## [PROBLEM]
Each line of the material must be reproduced exactly; pictures stay out.
(SUPPLIED MATERIAL)
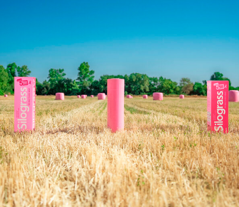 Cuando el campo cambia de color, el mensaje se ve desde lejos. Cada paca encintada en rosa, azul o amarillo convierte una tarea técnica en un gesto de apoyo real a la investigación contra el cáncer de mama.
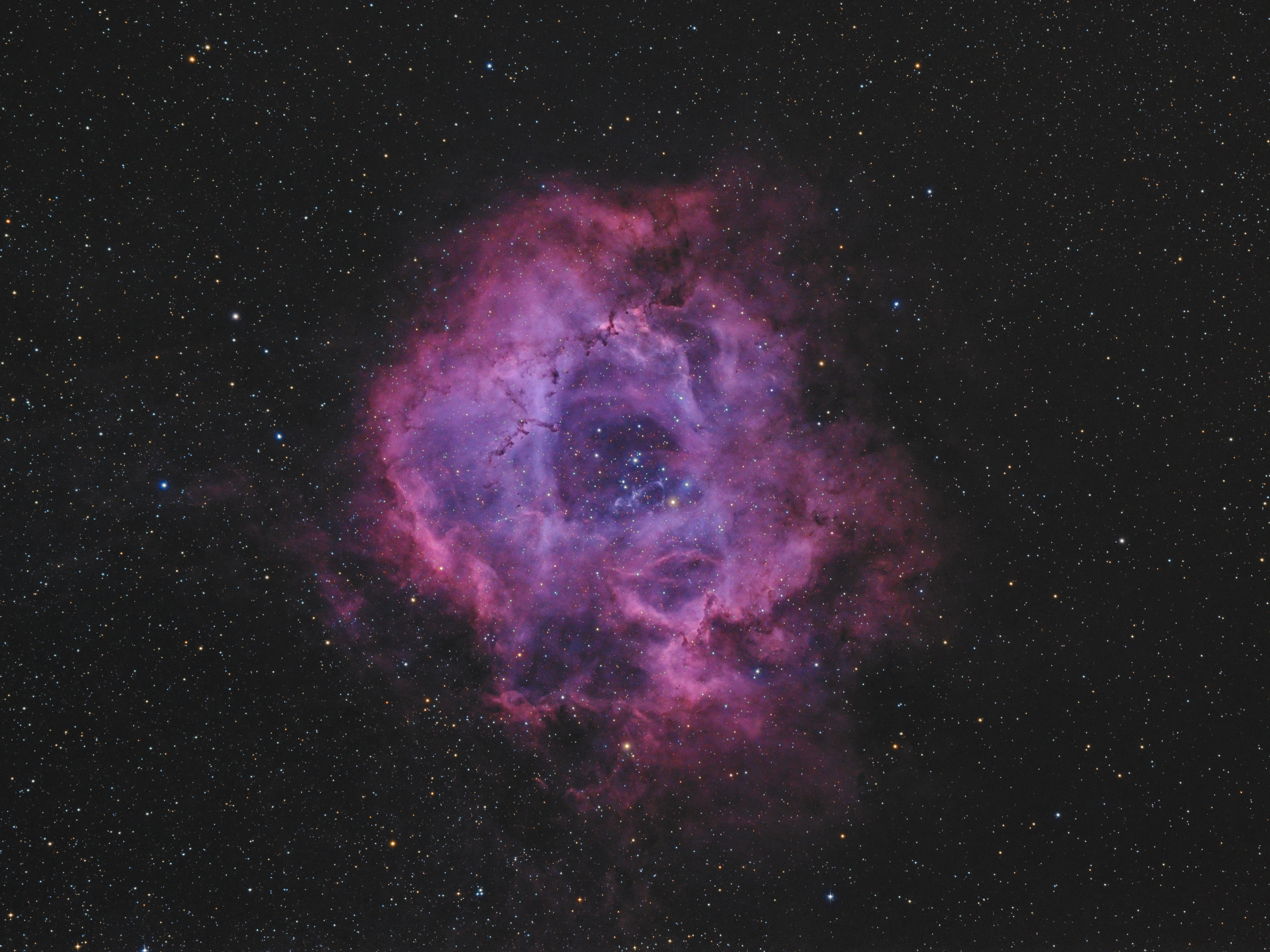 Der Rosettennebel NGC 2237 ist ein sehr beliebtes Motiv für Astro-Fotografen. Sehr kontrastreiche Ergebnisse kann man erzielen, wenn man in der Bildbearbeitung eine Schmalbandaufnahme (H-Alpha) als Luminanzebene (Helligkeitsinformation) definiert und nur die Farbinformation aus dem RGB-Bild übernimmt.
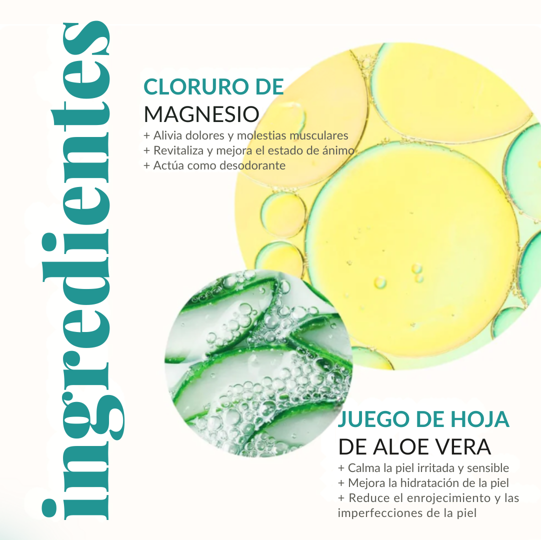 Ingredientes clave: Cloruro de Magnesio, Jugo de Hoja de Aloe Vera, Agua Purificada
(End SUPPLIED MATERIAL)
## [REPLY TO THE TASK]
 Cuando el campo cambia de color, el mensaje se ve desde lejos. Cada paca encintada en rosa, azul o amarillo convierte una tarea técnica en un gesto de apoyo real a la investigación contra el cáncer de mama.
 Der Rosettennebel NGC 2237 ist ein sehr beliebtes Motiv für Astro-Fotografen. Sehr kontrastreiche Ergebnisse kann man erzielen, wenn man in der Bildbearbeitung eine Schmalbandaufnahme (H-Alpha) als Luminanzebene (Helligkeitsinformation) definiert und nur die Farbinformation aus dem RGB-Bild übernimmt.
 Ingredientes clave: Cloruro de Magnesio, Jugo de Hoja de Aloe Vera, Agua Purificada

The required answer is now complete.